Люсьен побледнел. Анри задел его.
— С тобой спорить невозможно. Ты, кроме своих рабочих, ничего не хочешь видеть, — закончил Анри. И повернулся ко мне:
— Как Париж, Элиза?
Мы обменялись банальностями. Как все это было далеко от вечеров в нашем доме, пропахшем супом и чесночным соусом, куда доносился уличный гам. Что же ушло? Я по–прежнему была здесь, Мари — Луизу сменила Анна. Но, главное, миновала пора желаний. Мы вступили в жизнь, мы стали ее «участниками», как выражался Анри. Мы вышли на сцену.
Брат все же оттаял. Они с Анри вышли погулять вдвоем, как в былые времена, но я догадывалась, что спор их продолжался и на улице.
— Что вы думаете об Анри?
— Много всякого разного.
Волосы наполовину скрывали лицо Анны. Она сознавала собственную красоту. И это вызывало во мне зависть.
— Ох, — вздохнула я, — пойду лягу. Уже десять. Немного мне осталось поспать. И как только Люсьен выдерживает?
Она улыбнулась.

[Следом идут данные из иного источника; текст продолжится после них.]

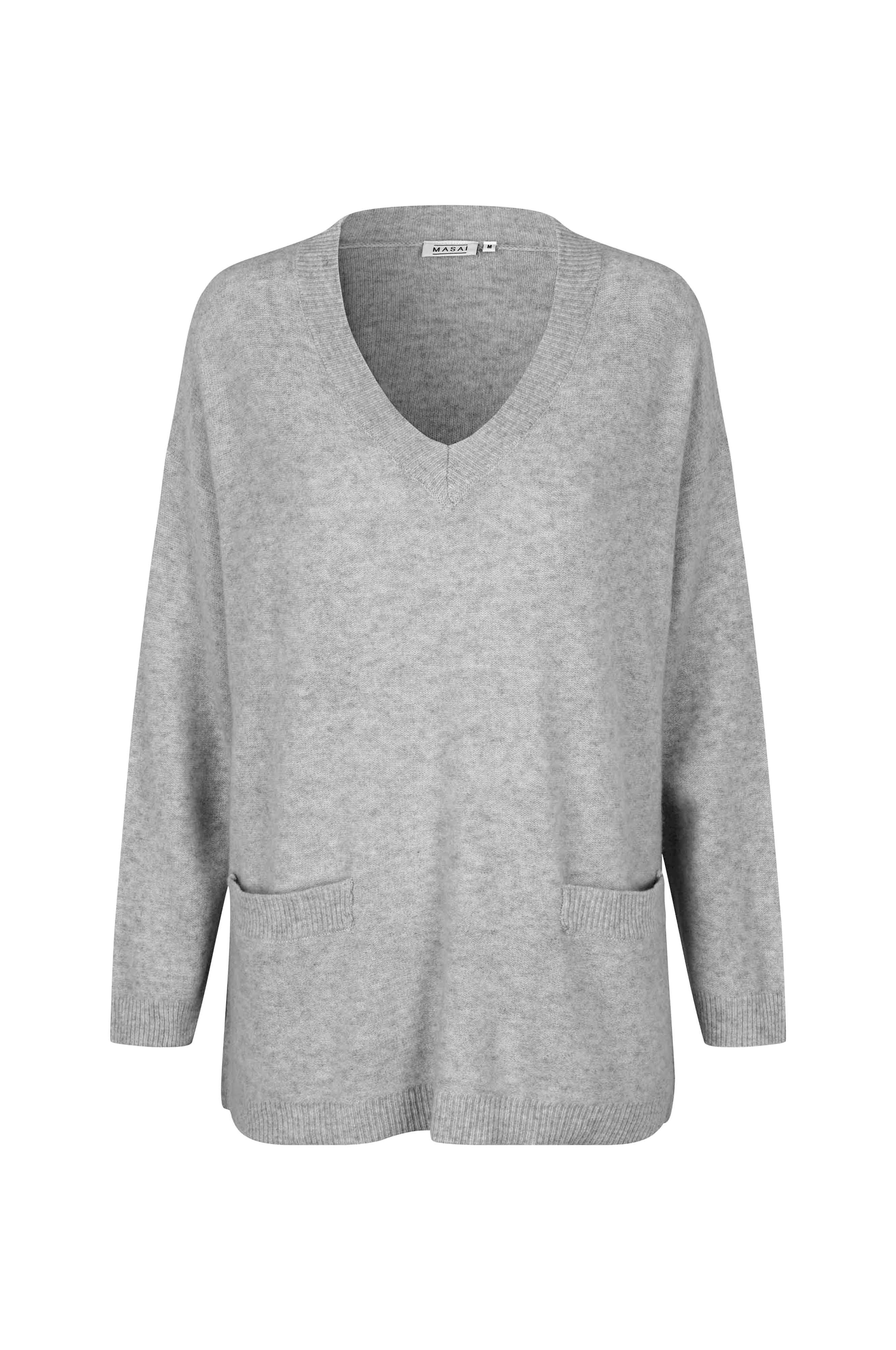 • Bred, lige model med indlagte lommer nederst• V-udskæring med ribkant• Nedsænket skulder• Langt ærme med ribstrik ved manchetterne• Ribkant nederst med slids i siderne
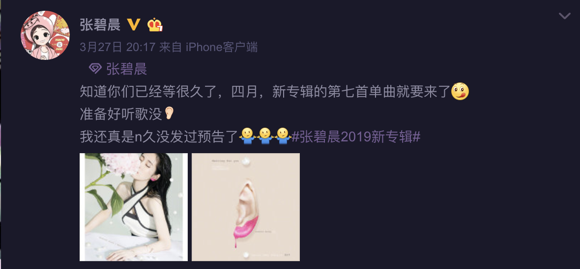 張碧晨的聲音蘊藏著滄桑感,流暢的真假音轉換,讓人留下深刻的印象。粉絲盼了又盼,偶像終於在微博發佈今年2019年4月要發最新單曲,讓大家準備好新專輯的道來!
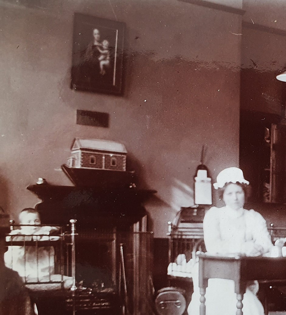 Detail from 'Nurse Storey', Samuel Fielden Ward, Great Portland Street 1905 / by Frank Ruck / Courtesy RNOH
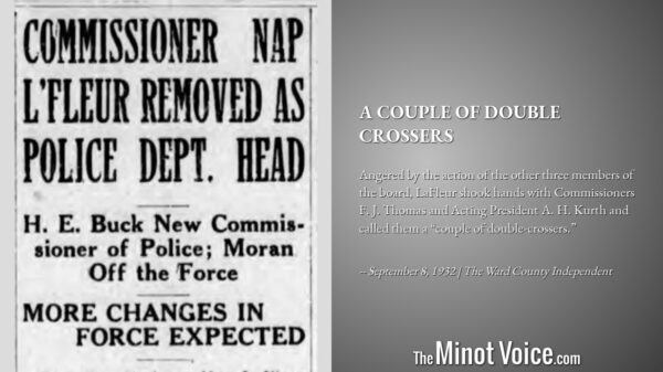 Angered by the action of the other three members of the board, LaFleur shook hands with Commissioners F. J. Thomas and Acting President A. H. Kurth and called them a “couple of double-crossers.” -- September 8, 1932 | The Ward County Independent[...]
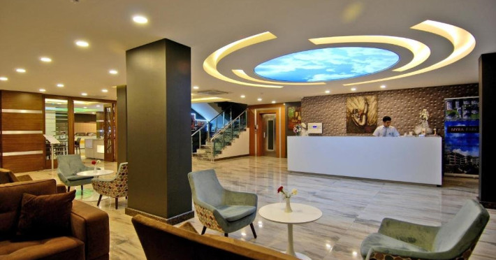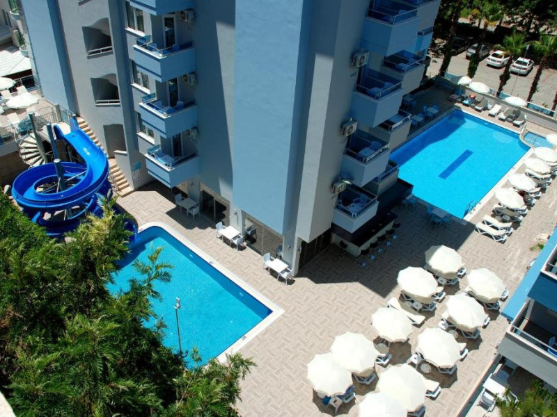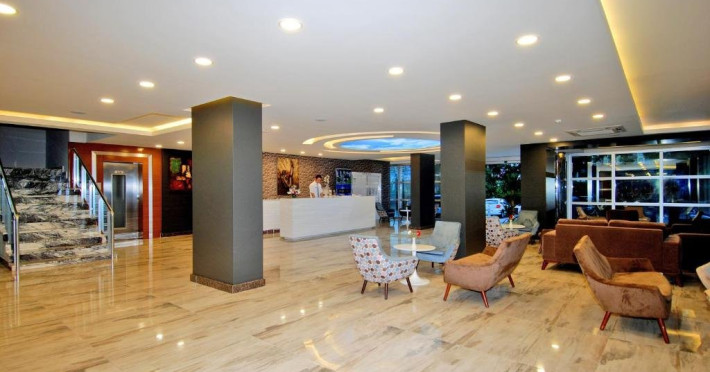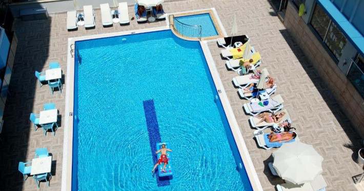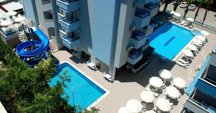 DESCRIERE Localizat in centrul statiunii Alanya, Hotelul Kleopatra Ramira ofera servicii de patru stele in regim all inclusive si pune la dispozitia oaspetilor facilitati precum transfer gratuit catre plaja, umbrele si saltele gratuite pe plaja, piscina cu tobogan pentru copii, un centru SPA si Wellness cu baie turceasca, sauna si sala de fitness.
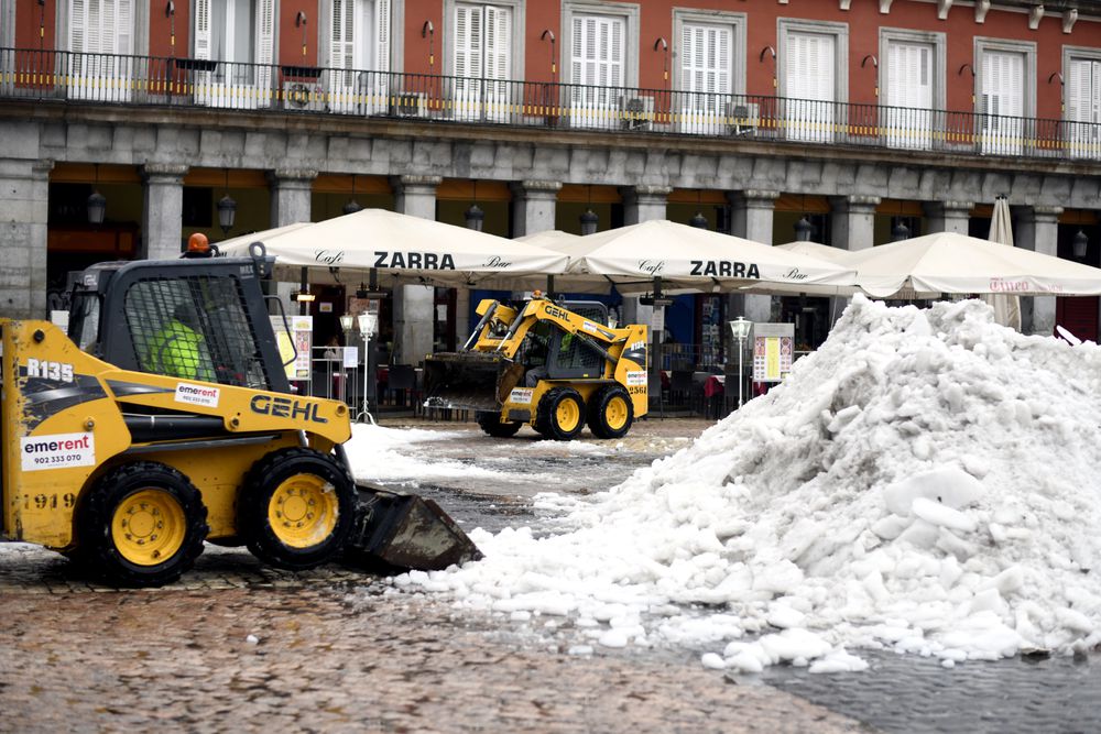 Esta es otra de las asignaturas pendientes para que Madrid recupere la normalidad tras el paso del temporal era acabar con la nieve cada vez más ennegrecida y el hielo amontonado todavía casi en cada calle y en cada esquina de la ciudad. Se había retirado en gran medida de carriles y aceras para favorecer el tránsito de vehículos y peatones, pero no se había recogido. Tampoco el ascenso de las temperaturas o la fina lluvia del miércoles lograron derretir esos montones.

Меня злила эта обдуманная манера уклоняться от разговора. «Скрытная, хитрая, лживая, фальшивая, фальшивая».
Я представила себе Анну, с ее длинными волосами, на конвейере. Понравилась ли бы она Мюстафе? У меня тоже были длинные волосы.
Мне бы хотелось, чтоб это стало известно Мюстафе, тощей, колючей обезьянке, спросившей меня:
«А почему у вас такой длинный халат?»
Мелькание горизонта между голов и поднятых воротников. Сквозь стекла автобуса слежу за тем, как рассеивается туман.
Пятьдесят минут бегства из реального мира.
На пятьдесят минут я во власти фраз, образов, слов, книг, прочитанных еще в школе. Их исторгали из моей памяти просвет неба, полоса тумана. На пятьдесят минут я вырывалась. Настоящая жизнь, ловлю тебя на слове, брат! Пятьдесят минут покоя, который только грезится. Тягостное пробуждение у ворот Шуази. Запах завода задолго до того, как входишь внутрь. Три минуты в раздевалке, долгие часы у цепи конвейера. Цепь, вот точное слово… Прикованы к своим местам. Сцеплены взаимной зависимостью. Но до братства еще далеко. Мне грезится осень, охота, обезумевшие псы. Люсьен презрительно называет это «литературщиной». Но ведь у него есть Анна: среди смазки и мазута, краски, замешанной на асфальтовом лаке, и вонючего пота для него брезжит надежда, воплощенная в любви… Несколько месяцев назад и у меня была надежда — бог. Здесь я ищу его, — значит, потеряла. Сближение с людьми удалило меня от него. Новые люди вошли в мое поле зрения, невидимый огонь взметнулся тысячами языков, и я полюбила людей.
Мюстафа насвистывал. Я боялась, что он не заметит моего укороченного халата и, главное, волос. Я подвязала их на затылке клетчатым пояском от халата. Мюстафа был задумчив. Он работал быстро, слишком быстро, я отметила уже три плохо прибитых реборды.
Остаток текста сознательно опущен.